Personal information
- Born: July 13, 1986 (age 39)
- Nationality: American / Vietnamese
- Listed height: 6 ft 3 in (1.91 m)
- Listed weight: 198 lb (90 kg)

Career information
- High school: John A. Rowland High School (Rowland Heights, California)
- College: Concordia (2004–2007) Biola (2007–2008)
- NBA draft: 2008: undrafted
- Playing career: 2012–present

Career history
- 2012–2014: Saigon Heat

Career highlights
- San Gabriel Valley Player of the Year; 2003 Big Time "C" Division MVP;

= Larry Tieu =

American professional basketball player (born 1986)

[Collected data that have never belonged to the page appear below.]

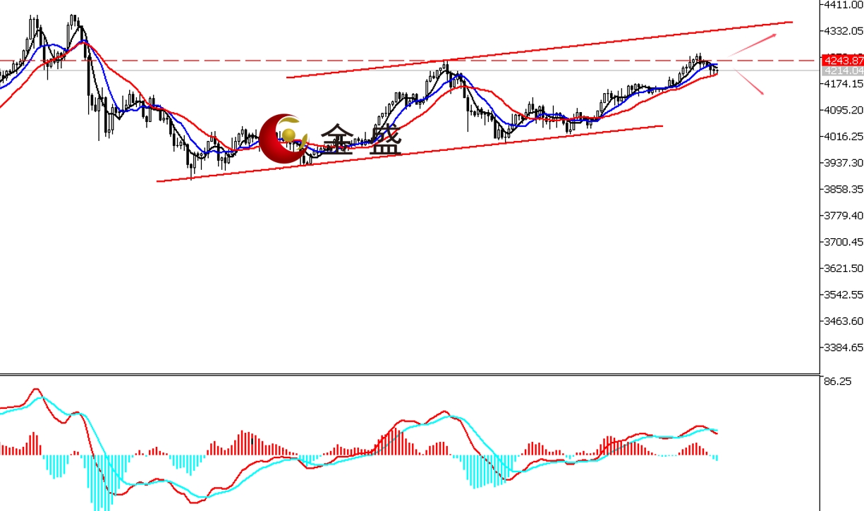 前一个交易日,美制造业PMI连续第九个月处于收缩区间,美指回踩上行趋势多空分水岭出现反抽。黄金坚守4200美元上方震荡,白盘延续涨势,晚盘基本面数据利多金价不涨反调,最终收涨0.37%。今天白盘行情延续调整,价格回踩4200美元一带有反扑。四小时周期,均线系统不断收敛,布林带中轨对价格形成支撑。MACD指标快慢线零轴上方现死叉,做空的动能为主。黄金11月形成U型走势,昨日尝试向上突破未果,多头暂时受制于4250美元一带。短期关注下方4200美元一带是否有形成有效支撑。一旦跌破此整数关口,则行情偏向对上周中阳线的技术性回踩,即调整幅度将加大。操作上回调做多为主。
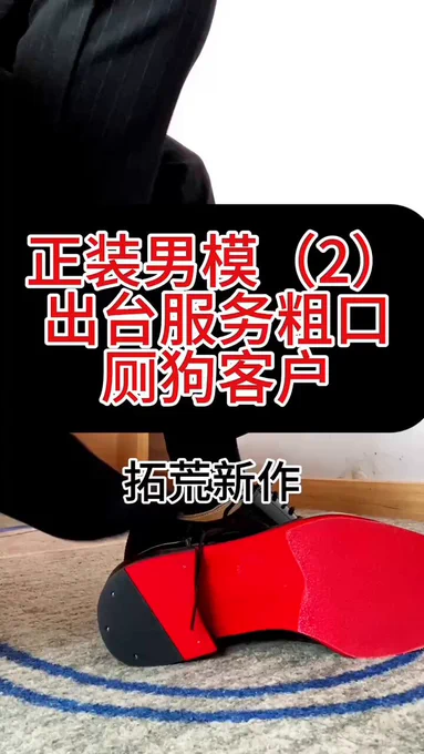 # 男模系列第二部换装来袭!这次男模换上了一身全黑正装来酒店服务客人,调教公狗的粗口越来越成熟,脚下的红底黑皮鞋刷的发亮,踩着客户的狗头疯狂控R,最后将其带到厕所马桶边直接口爆….完整版18min➕q问询💰
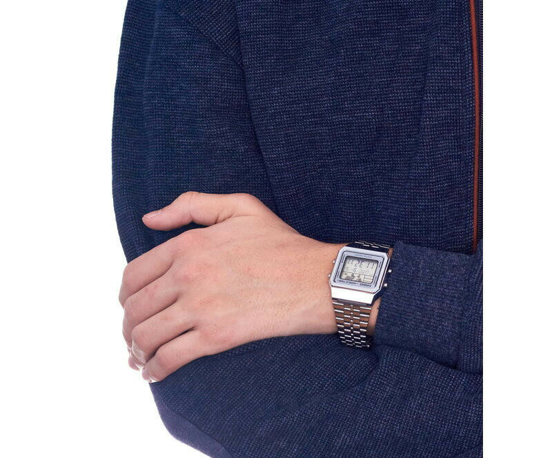 Наручные часы CASIO A-500WA-7D мужские, кварцевые, будильник, хронограф, секундомер, таймер обратного отсчета, подсветка дисплея, водонепроницаемые, серебряный
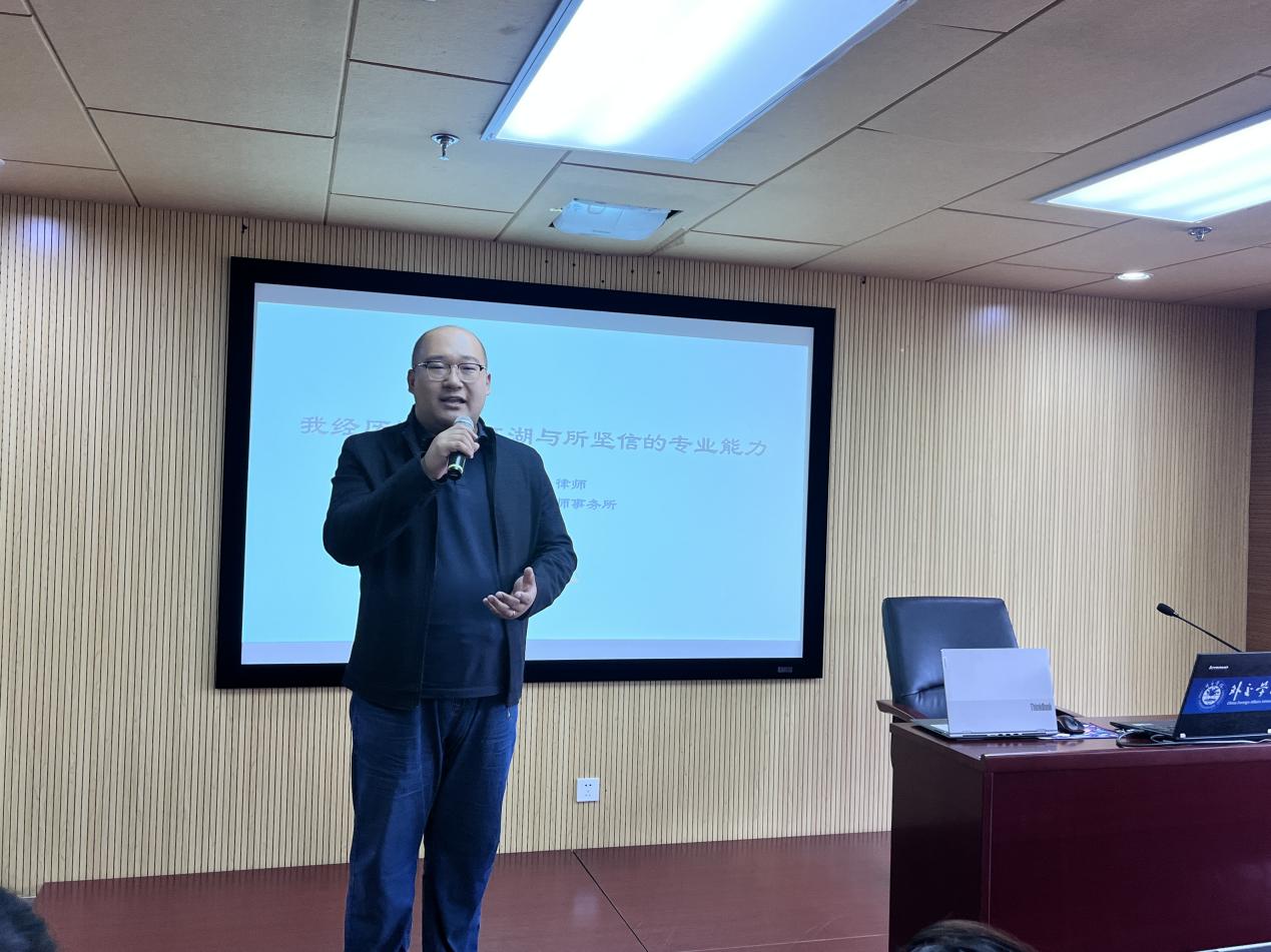 郝赟律师结合自身求学、职业生涯规划的经历,生动全面地介绍了律师职业和法律实务。围绕职业生涯的定位和规划、职业能力要求、职业价值观等方面展开了深入浅出的讲解,让同学们对律师这一职业有了充分的了解,客观真实地展示了律师职业的机遇与挑战,责任与担当。
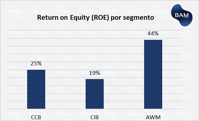 El segmento de Asset & Wealth Management (AWM) mantuvo una contribución estructuralmente positiva al resultado consolidado. Los activos bajo gestión crecieron aproximadamente 18% interanual, hasta US$4,8 tn, favorecidos por flujos netos positivos y revalorización de activos financieros. Este crecimiento fortaleció los ingresos por comisiones recurrentes.
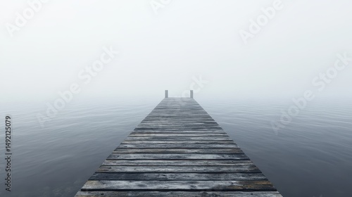 Misty lakeside dock extending into foggy horizon
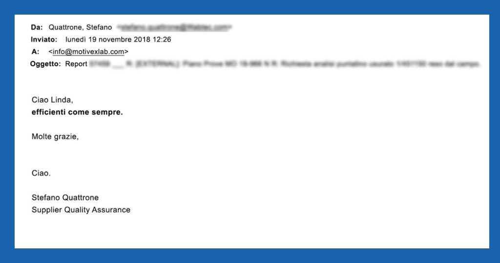 E’ importante rispondere in tempi brevi alle richieste del mio cliente perché devo garantire la conformità dei pezzi, evitare eventuali fermi di produzione al cliente, con gli eventuali oneri che ne risultano.
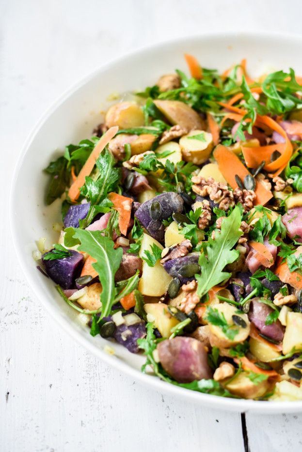 Was haben Rote Emmalie, Violetta, Angeliter Tannenzapfen, Oskar, Hela, Ackersegen, Rosa Tannenzapfen und die Rote Lötschentaler mit dem heutigen Beitrag zu tun? Sie bringen all die bunte Farbe in das heutige Rezept: Hinter den Begriffen verbergen sich blaue, gelbe, rote und violettfarbene Kartoffelsorten. Zusammen mit Karotten, Lauchzwiebeln, Rucola, gerösteten Kernen und einer Senf-Vinaigrette wird ein leichter und vor allem bunter Kartoffelsalat daraus!
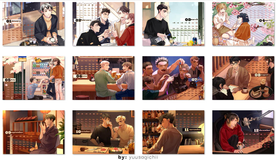 The 乾杯 「kanpai」 drinks collection is a Haikyuu project that consists of different characters indulging in various sorts of drinks throughout the year.Twelve (12) illustrations were created as a representations of each different month, each following a seasonal theme as the illustrations progress, to be assembled into a calendar.
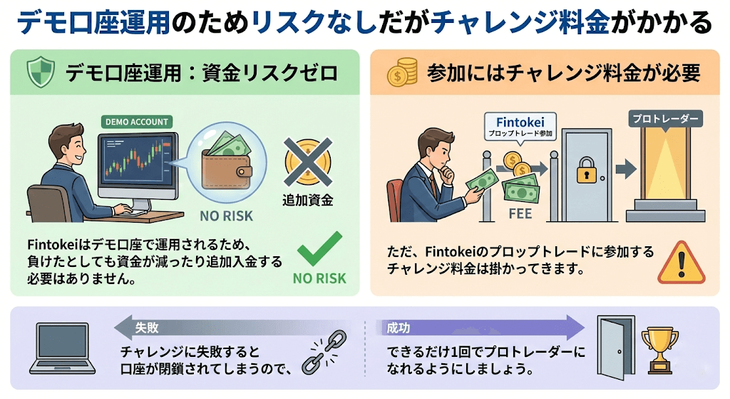 デモ口座運用のためリスクなしだがチャレンジ料金がかかる
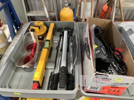 LASER LEVEL KIT & ANGEL GRINDER, OZITO, 100mm 240V, AS NEW
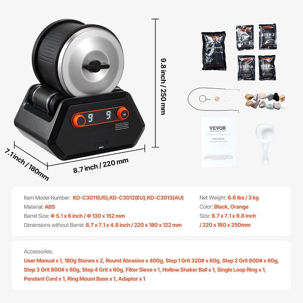 VEVOR Steinpolierset Steinpolierer Steinschleifmaschine, Einstellbar 1,81kg, YSDMJHSSDKDZLXA8PV2, 0197988646686

Larry Tieu (born July 13, 1986) is an American professional basketball player who last played for the Saigon Heat of the ASEAN Basketball League (ABL). Tieu holds dual citizenship in the United States and Vietnam due to his parents having Vietnamese citizenship.

==High school==
In high school, Tieu attended Rowland High School. He played 4 years of Varsity basketball and started all 4 years. Larry and the Raiders captured league championships in 2002, 2003, and 2004. In the summer prior to his senior year, Larry made the all tournament team at the prestigious 2003 Adidas "Big Time" tournament. In his senior year, Larry was selected as the San Gabriel Valley Player of the Year.

==College==
Tieu started his college career at Concordia University in 2004. However, he would leave Concordia in his junior year and would finish his career at Biola University.

==Pro career==

===Saigon Heat===
In 2012, Tieu joined the Heat before the start of the 2013 ABL season.